Cases were identified on a daily basis from the hemogram reports generated in the hospital laboratory. For the tests, we drew approximately 2 ml of venous blood from each child through peripheral veins in EDTA vial. Smears are made from peripheral blood and stained by Leishman's stain and examined to confirm thrombocytopenia. Platelet indices collected from automated machine Sysmex XE 2100. The specific parameters included in the study were PLT, MPV, PDW, and platelet-large cell ratio. PLTs along with any special tests performed for determining the etiology of thrombocytopenia such as bone marrow examination, serology for dengue, as clinically indicated, were recorded. Each case was put in either of the two groups hypoproductive and hyperdestructive types based on the etiology of thrombocytopenia. The controls for PLT indices were taken from 80 children of similar age groups with normal CBC and peripheral blood smear. The cases and controls were age adjusted (similar age groups).
Statistical analysis was carried out using the IBM SPSS software package, version 20.0. Quantitative variables were expressed as mean, standard deviation, and analyzed using the Student's unpaired t-test. P < 0.05 was considered statistically significant.
Ethical clearance
An Institutional Ethics Committee Clearance was obtained before the start of the study.[ letter no. BCH/ME/PR/3735 dated: 15.12.2019].
Results | |  |
This study included 80 patients with thrombocytopenia, who were classified as follows: Hyperdestructive group (n = 40) and hypoproliferative group (n = 40). Eighty (n = 80) healthy age-matched and sex-matched individuals were selected for the comparison as the control group. The various etiologies in these groups are tabulated in [Table 1].

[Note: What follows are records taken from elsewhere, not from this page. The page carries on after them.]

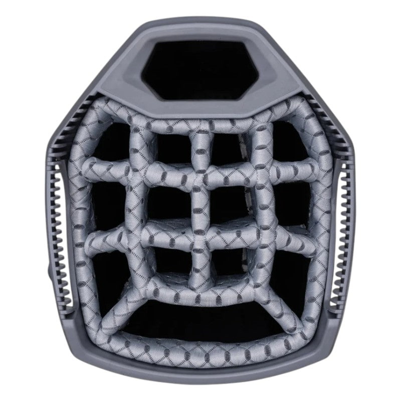 This Sun Mountain H2NO Lite Golf Cart Bag 27cm top with 14-way full-length dividers, features a dedicated large putter well for fat grips. Weighing only 2.6kg, this bag also includes seven pockets, such as a velour-lined valuables pocket and multiple front-facing accessory pockets, all easily accessible. Made with lightweight nylon and waterproof coating on both sides, this bag is equipped with high quality waterproof zippers and taped seams to keep all contents dry. Two top mounted grab handles, reinforced wear areas for cart use, and holders for a pen, towel, and umbrella complete this bag's functionality. A rainhood is also included.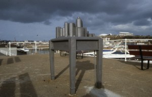 ‘Radio Waves’ A 1.4 metre high 1 tonne cast iron valve radio, situated at the mouth of the River Hull. It incorporates a search band VHF radio broadcasting quietly. 1992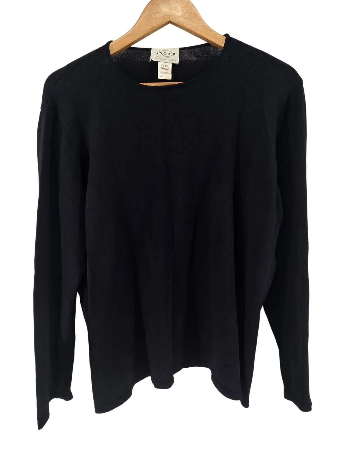 Measurements: • Chest (armpit to armpit): 21 inches • Length (shoulder to hem): 23 inches Style: Pullover Department: Women Material: Viscose, Nylon Neckline: Crew Neck Theme: Classic Type: Sweater Sleeve Length: Long Sleeve Features: Lightweight, Stretch Pattern: Solid Fabric Type: Knit Keywords: Oscar de la Renta sweater, womens plus size sweater, navy blue knit top, long sleeve sweater, viscose nylon blend, 2X top, Oscar by Oscar de la Renta, classic knitwear, work appropriate top, comfortable sweater, everyday top, elegant sweater No flaws, gently used, great pre-owned condition! Smoke free, cat friendly home. Wash to wear is always recommended. Fast shipping 1-2 business days! Thanks for much!
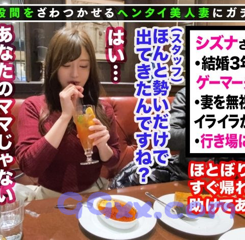 あらすじ:「刺激が欲しい」「ちょいムラ」「なんだかアソコがざわつく」そんな普通の主婦さん達の仮面に隠された性欲を剥き出しにしてあの手この手でヤリまくる何でもあり企画。今回のターゲットは夫と喧嘩した勢いで家を出てしまい傷心中の美人妻シズナさん(28)!東京駅でナンパ中、棚ぼた的に見つけた色白美人!愚痴を聞くという名目でお酒を飲ませ、なしくずし的にワンチャンを狙う男たちの勢いに押され見事に陥落!一旦ガードを崩すと久しぶりの他人棒にノリノリからのイクイク絶頂!!セルフイラマの濃厚奉仕妻×ザーメンタンク空っぽになるほどの濃厚中出し3連発!!!
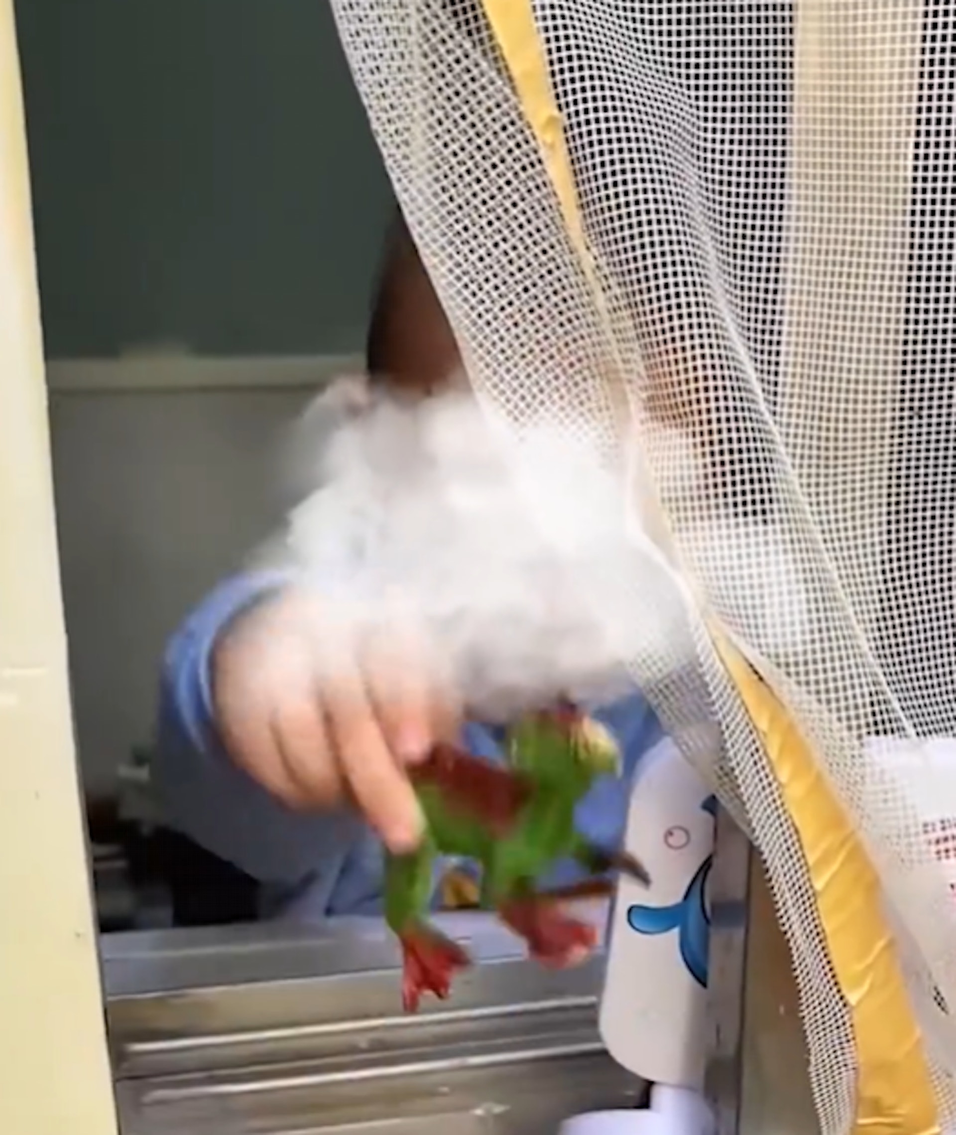 男童只有2歲拿着手機,言語所限只能作簡單回答,邊說邊玩着手中的恐龍玩具,不太懂回應。鄰居一問發現男童已2天沒有吃飯,而且車庫內蚊子很多,爸爸竟然只留下一堆零食當正餐,男童只有零食和電視相伴。鄰居見狀只能送上食物,並幫助小弟弟打電話找爸爸。 j) J9 p# v, M( a

The PLT and volume indices in the control and study participants in our study are tabulated in [Table 2]. | Table 2: Mean values of different platelet indices in controls, hyperdestruction thrombocytopenia, and hypoproduction thrombocytopenia
Click here to view |
The statistical comparison of the PLT and volume indices among the various categories of thrombocytopenia is summarized in [Table 3]. P < 0.05 is considered statistically significant. | Table 3: Comparisons of different platelet indices between controls, hyperdestruction thrombocytopenia, and hypoproduction thrombocytopenia
Click here to view |
Discussion | |  |
Platelets are essential in primary hemostasis, and it is evident that a low PLT is a significant risk factor for bleeding.[10] Thrombocytopenia is a reduction in the peripheral blood PLT below 150,000/μl. Two main mechanisms involved in the pathogenesis of thrombocytopenia are as follows: (a) increased peripheral platelet destruction (hyperdestructive group) and (b) a decreased platelet production by the bone marrow (hypodestructive group).[5] During evaluation of thrombocytopenic patients, it is essential to identify the etiology, whether it is due to hypoproduction or hyperdestruction which will have impact on the management. Destructive thrombocytopenia category in our study includes idiopathic thrombocytopenia, malaria, kala-azar, and dengue fever, scrub typhus, sepsis, and disseminated intravascular coagulation. The disease categories, which are included in hypoproliferative group, include aplastic anemia (AA), acute leukemias, myelodysplastic syndrome, and Fanconi's syndrome. Bone marrow sampling is invasive and not necessary as the first-line diagnostic procedure in thrombocytopenic cases. It was recommended that it should be reserved for older patients or patients with atypical features (George et al., 1996; Mak et al., 2000; Marsh et al., 2003). Thus, a new noninvasive diagnostic approach for thrombocytopenia is needed. In the search for a new diagnostic approach, we find the platelet indices – MPV, PDW, and platelet-large cell ratio – that can be easily measured in new automatic analyzers. These indices have demonstrated good sensitivity and specificity in the differential diagnosis in the studies of thrombocytopenia in the adult population. However, they have not yet been widely evaluated for the pediatric population.
MPV is a measure of platelet volume, which reflects change in either platelet stimulation or rate of platelet production.[11] Dividing the PCT by the number of platelets (PCT = ratio of platelet volume to whole blood volume) yields the MPV. PDW is a measure of platelet heterogeneity. The heterogeneity in the platelet volume is considered to be due to aging of platelets or due to heterogeneous demarcation of megakaryocytes.[12] Platelet large cell ratio is the measure of larger platelet (0.12 fl in size). It is an established fact that platelet volume indices vary with the PLT.[8]
PLTs did not show any significant differences between the two patient groups in our study. Baig MA has shown in his study that PLTs are less sensitive parameters to differentiate ITP from acute lymphoblastic leukemia (ALL) and AA. Platelet indices showed inverse relationship with PLT as they are increased in hyperdestructive type and linear relationship in hypoproliferative type.[13] Our study showed that hyperdestructive group like ITP patients showed significantly higher MPV results than hypoproductive thrombocytopenic patients (P = 0.002). However, MPV did not show a significant difference between either the hyperdestructive patients or the control group (P = 0.120) or the hypoproductive thrombocytopenia group and the control group (0.553). Similarly, Borkataky et al.[9] found no significant difference in the MPV between the destructive thrombocytopenia groups and the control group.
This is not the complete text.